## TASK INPUT
**********
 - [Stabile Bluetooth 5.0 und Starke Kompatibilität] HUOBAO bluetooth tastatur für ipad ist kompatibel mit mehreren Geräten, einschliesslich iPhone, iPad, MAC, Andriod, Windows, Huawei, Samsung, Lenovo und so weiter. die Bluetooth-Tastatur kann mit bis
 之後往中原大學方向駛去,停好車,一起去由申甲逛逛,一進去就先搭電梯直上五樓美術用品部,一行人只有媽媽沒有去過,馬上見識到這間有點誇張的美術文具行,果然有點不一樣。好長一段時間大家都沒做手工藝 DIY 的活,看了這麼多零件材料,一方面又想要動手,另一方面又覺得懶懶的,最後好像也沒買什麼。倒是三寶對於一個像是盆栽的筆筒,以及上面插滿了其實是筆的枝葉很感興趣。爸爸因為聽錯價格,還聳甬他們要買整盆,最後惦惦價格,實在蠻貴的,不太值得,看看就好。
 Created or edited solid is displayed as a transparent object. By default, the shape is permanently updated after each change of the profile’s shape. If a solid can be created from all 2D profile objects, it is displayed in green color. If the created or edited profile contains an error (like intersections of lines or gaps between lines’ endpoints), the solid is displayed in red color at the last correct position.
**********
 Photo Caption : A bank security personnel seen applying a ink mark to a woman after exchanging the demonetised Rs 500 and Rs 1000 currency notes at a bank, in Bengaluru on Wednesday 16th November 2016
**********
## WHAT TO DO
Return each line from the data where the string "after" can be found.

## YOUR RESPONSE
 Created or edited solid is displayed as a transparent object. By default, the shape is permanently updated after each change of the profile’s shape. If a solid can be created from all 2D profile objects, it is displayed in green color. If the created or edited profile contains an error (like intersections of lines or gaps between lines’ endpoints), the solid is displayed in red color at the last correct position.
 Photo Caption : A bank security personnel seen applying a ink mark to a woman after exchanging the demonetised Rs 500 and Rs 1000 currency notes at a bank, in Bengaluru on Wednesday 16th November 2016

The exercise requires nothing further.